EXERCISE BRIEF: The following entries should be restated word for word, pictures excluded.

ENTRIES PROVIDED:
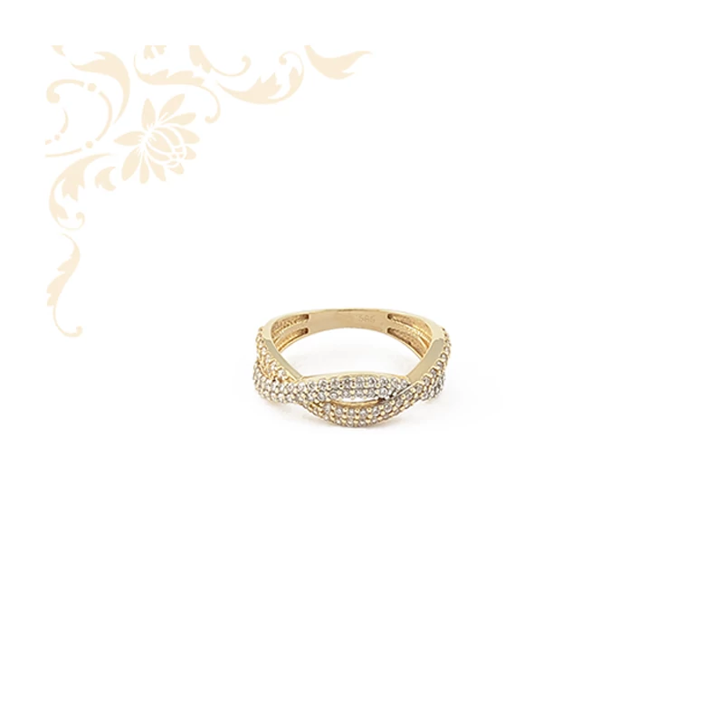 Áttört fejrészű, hullámos vonalvezetésű női köves arany gyűrű, fehér színű cirkónia kövekkel ékesítve. Az ékszer 14 karátos sárga aranyból készült. Nagyon elegáns viselet. Méret: 53. Súly: 2,57 gr. |
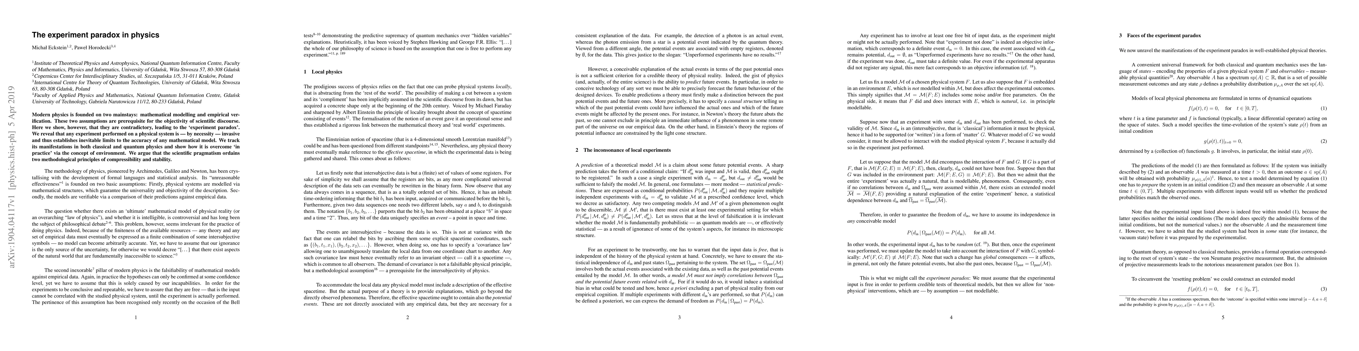 Modern physics is founded on two mainstays: mathematical modelling and empirical verification. These two assumptions are prerequisite for the objectivity of scientific discourse. Here we show, however, that they are contradictory, leading to the `experiment paradox'. We reveal that any experiment performed on a physical system is - by necessity - invasive and thus establishes inevitable limits to the accuracy of any mathematical model. We track its manifestations in both classical and quantum physics and show how it is overcome `in practice' via the concept of environment. We argue that the scientific pragmatism ordains two methodological principles of compressibility and stability.
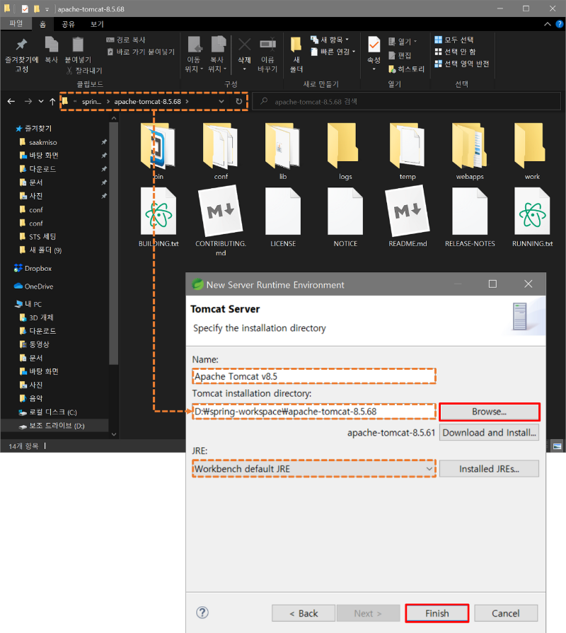 사전에 다운로드 및 압축을 해제한 spring-workspace의 apache-tomcat-8.5 버전의 디렉토리를 지정해준다.
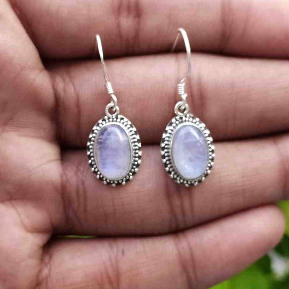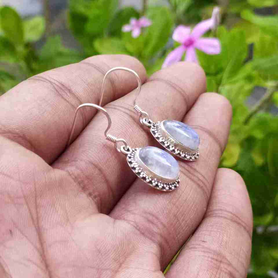 925พลอยมูนสโตนสีรุ้งทำด้วยมือต่างหูเงินสเตอร์ลิงต่างหูงานฝีมือแนวโบฮีเมียนดีไซน์ทันสมัย
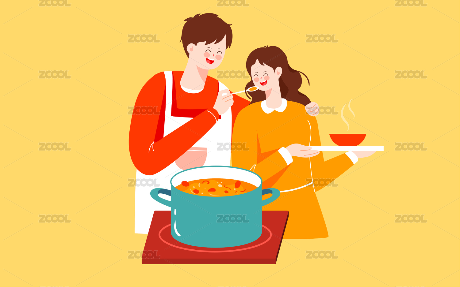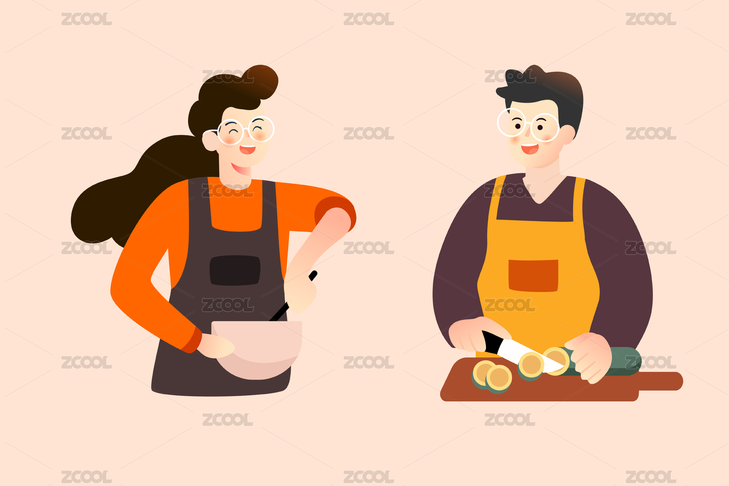 情侣厨房一起做饭烹饪美食健康餐饮饮食插画

ANSWER TO THIS PROBLEM:
 Áttört fejrészű, hullámos vonalvezetésű női köves arany gyűrű, fehér színű cirkónia kövekkel ékesítve. Az ékszer 14 karátos sárga aranyból készült. Nagyon elegáns viselet. Méret: 53. Súly: 2,57 gr. |
 Modern physics is founded on two mainstays: mathematical modelling and empirical verification. These two assumptions are prerequisite for the objectivity of scientific discourse. Here we show, however, that they are contradictory, leading to the `experiment paradox'. We reveal that any experiment performed on a physical system is - by necessity - invasive and thus establishes inevitable limits to the accuracy of any mathematical model. We track its manifestations in both classical and quantum physics and show how it is overcome `in practice' via the concept of environment. We argue that the scientific pragmatism ordains two methodological principles of compressibility and stability.
 사전에 다운로드 및 압축을 해제한 spring-workspace의 apache-tomcat-8.5 버전의 디렉토리를 지정해준다.
 925พลอยมูนสโตนสีรุ้งทำด้วยมือต่างหูเงินสเตอร์ลิงต่างหูงานฝีมือแนวโบฮีเมียนดีไซน์ทันสมัย
 情侣厨房一起做饭烹饪美食健康餐饮饮食插画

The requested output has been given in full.